Aristotle considered the universe as ultimately perfect, so he did not allow for any empty spaces on this ladder nor for any change in species. This restrictive concept of fixed species was not entirely rejected in science until Darwin’s evolutionary theories suggested a more dynamic vision for the natural world. It is also indicative of Aristotle’s failure to recognize that the earth is neither stable nor eternal.

The “ladder of life” analogy is considered anthropocentric in that it encouraged the view that humans are the ultimate beneficiaries of the lower stages on the scale of nature. It also places humans in the privileged position of being the only species having logos, or reason. This criticism has been rejected by some philosophers who point to Aristotle’s frequent discussions of animal intelligence as evidence that he saw some form of kinship between humans and animals and had a gradual continuum in mind for species, not a series of distinct gaps. Other philosophers argue that Aristotle’s ethics provide a basis for concern for others, even nonhumans.

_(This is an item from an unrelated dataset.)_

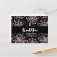 Thank you postcard with a cute seamless pattern with white cobwebs and pink spiders.

One of the reasons why there is much speculation about Aristotle’s views on environmental issues is that he, and most Greek philosophers, said almost nothing about the subject directly. It appears that they did not see their environment as threatened, despite evidence that environmental degradation was occurring in the ancient world. Many environmentalists regard Classical and biblical attitudes toward the environment as insensitive and thus bearing some measure of responsibility for today’s ecological crisis. Despite this, several ecophilosophers feel that the writings of the founders of Western philosophy make a positive contribution to discussions of environmental ethics.

Bibliography:

  1. Gabriela R. Carone, “The Classical Greek Tradition,” in Dale Jamieson, , Companion to Environmental Philosophy (Blackwell Publishing, 2003);
  2. Susanne E. Foster, “Aristotle and the Environment,” Environmental Ethics (Winter 2002);
  3. J. Donald Hughes, Pan’s Travail: Environmental Problems of the Ancient Greeks and Romans (John Hopkins University Press, 1994);
  4. Laura Westra and Thomas M. Robinson, , The Greeks and the Environment (Rowman and Littlefield, 1997).